It’s so strange that she believes in ‘god’ as she strikes me as very intelligent. In spite of her absurd beliefs.
Marie Cohn
Scary botox addict!
Ryan C
Glad she is out there to show not all Okies are like Sally Kern and crew.
christopher di spirito
Kristin Chenoweth is a very talented girl. But, I always hold her at a distance because of her embrace of the Baby Jesus. She makes me nervous. Women like Kristin Chenoweth can go over the edge at any moment and become like Joyce Meyer.
Adam
I love her so very much.
the crustybastard
Rare people like Ms Chenoweth learned that to feel good about themselves they need to make other people feel good. They examine their religion and realize, “being that way isn’t incompatible with my religion.”
Most people learned that to feel good about themselves they need to make other people feel miserable. They examine their religion and realize, “my religion requires me to do that.”
j
Love her! I might not agree with what she believes but if every christian was like kristin the world would be a better place
Eric
Sigh.
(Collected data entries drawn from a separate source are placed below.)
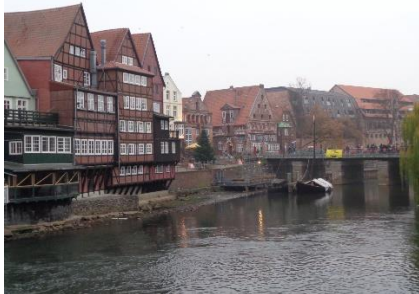
Hyggelige huse i Lüneburg

Vi havde kun en kort køretur til næste mål, så vi gav os god tid. Der var mange andre campere, som allerede var kørt, da vi satte kursen mod Lüneburg. Vi havde valgt, at vi ikke ville køre på motorvej, så vi blev ledt ud af Hamburg på nordsiden af Elben, og først efter godt 25 km, var det tid til at krydse Elben ved Geesthacht og køre ad B404 mod syd, gennem det flade landskab 😊. Fremme ved Lüneburg, blev vi ledt vest om byen og frem til Stellpladsen på Sülzwiesen, hvor vi fik parkeret Camperen, kun 3 minutters gang fra Altstadt ☺️. Midt på eftermiddagen gik vi ind til Altstadt, hvor vi nød at gå i de smalle gader med de flotte gamle huse. Butikkerne var lukket, da det jo var søndag, men vi fandt et hyggeligt lille julemarked i en smøge, hvor vi kunne varme os på et dejligt glas Glühwein mit Schuss ☺️.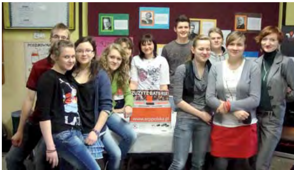
Uczniowie klasy I c wraz z opiekunem chcą walczyć o czyste środowisko

Przypominają, że elektrośmieci zawierają wiele szkodliwych i groźnych substancji, takich jak rtęć, ołów, kadm, brom, a także freon niszczący górne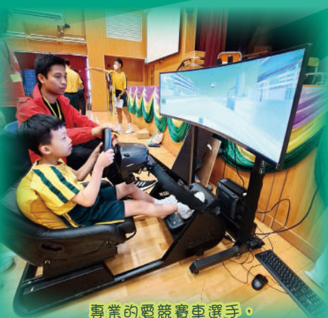
專業的電競賽車選手，展示驚人的駕駛技術。

資訊科技及電腦科的老師亦安排了學生在STEM DAY使用OSMO及程式編碼積木，控制虛擬角色，解鎖虛擬世界的地圖內各種難題，在遊戲中尋找物品和建造房屋。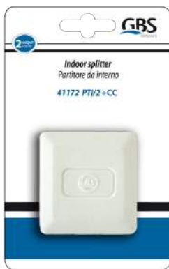
Imballo 13 x 17 x 5 cm Confezione 120 pz.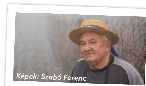
Képek: Szabó Ferenc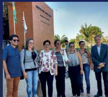
18 de setembro - Feapaes-TO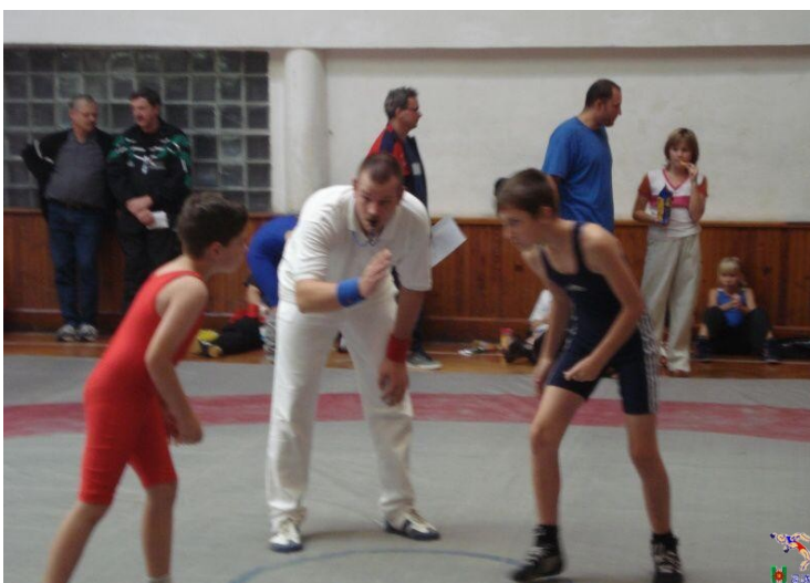
Zápasnická klání přípravy a mladších žáků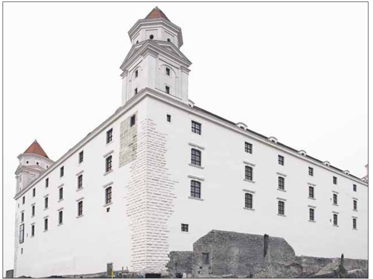
Lomená biela fasáda hradu pristane.

S novým kalendárnym rokom prišla aj nová suma, ktorá bude počas týchto 365 dní čerpaná. Hovorkyňa NR SR hovorí o takmer 15 miliónoch eur: „V rámci štát-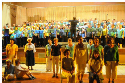
Restitution musicale du stage, chœur fixe et groupe « mise en scène »

La participation à la mise en scène des chansons est facultative, une certaine aisance scénique étant requise.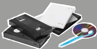
Petits objets en plastiques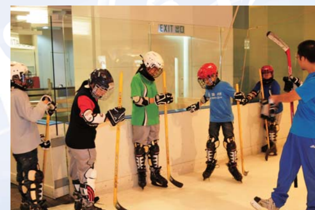
惠僑一支新隊伍成立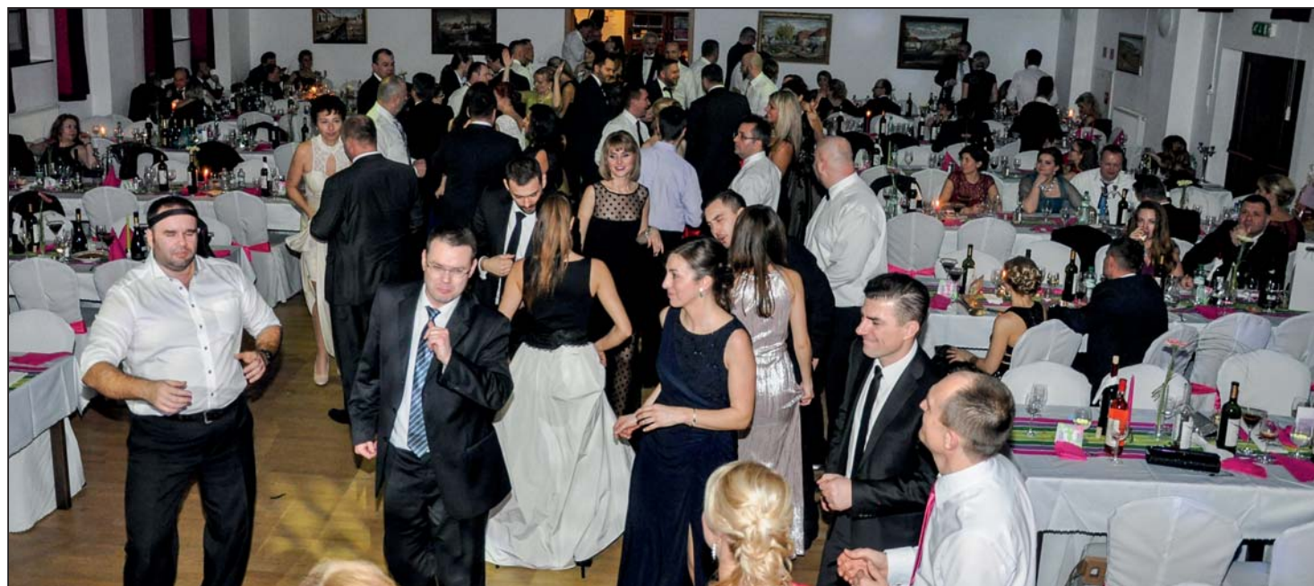
Plesová sála hýrila zábavou aj farbami.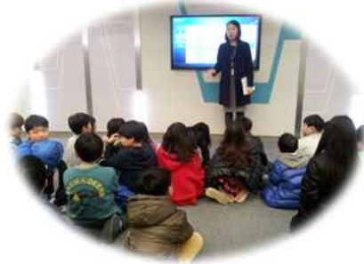
< 증권거래소 견학 >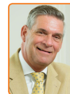
Utrechtse Heuvelrug, G. Naafs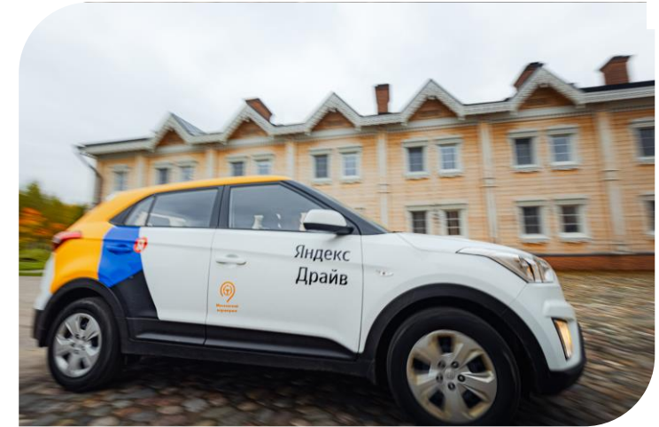
Путешествие на автомобиле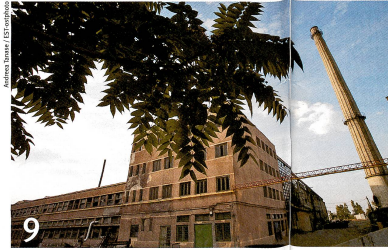
En Roumanie, d'anciennes industries hypothèquent la santé de la population.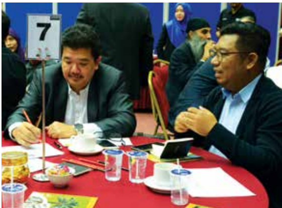
Sesi perbincangan Dialog TN50.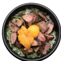
우니 수비드 스테이크 덮밥 33,000 수비드 방식으로 조리한 살치살과 우니를 올린 덮밥

Joy thinks she’s being funny… but you do not joke about how, if a gay person could not masturbate or have sex, that they would just put a gun to his or her head. She’s a decent enough ally, but… Use your head!
Philip
Xtians amaze me. They actually think their beliefs mean something in relation to my life. Hardly. Not any more than I spend any time at all thinking about their belief in the “magic book of fables”.
Andrew
@Philip: Not sure why you’re generalizing, but it’s quite obvious to me that Ms Chenoweth doesn’t apply her beliefs to anyone else’s life.
I can understand the confusion, because there are certainly lots of people who think that their personal beliefs should rule others, but that is not what Jesus taught, and it is not what true Christians think.
Faith is, and should only be, personal. I don’t believe my beliefs mean anything whatsoever in relation to Philip’s life, or anyone else’s. My beliefs might affect my perception of others, but they shouldn’t directly affect others. Ever.
You might suppose that I believe in the “magic book of fables,” and I might suppose that you go through life with an utter lack of purpose, thinking life is meaningless and chaotic. I suspect we would both be wrong in those suppositions, meaning we both have something to learn about other beliefs instead of reactionary generalizing.
Sorry to single out your comment, Philip, but I’m tired of being lumped in with Bible bashers because I identify as a Christian. As if all self-identifying Christians (read: gays, straights, blacks, whites, liberals, conservatives, urbanites, rural dwellers, etc) are the same.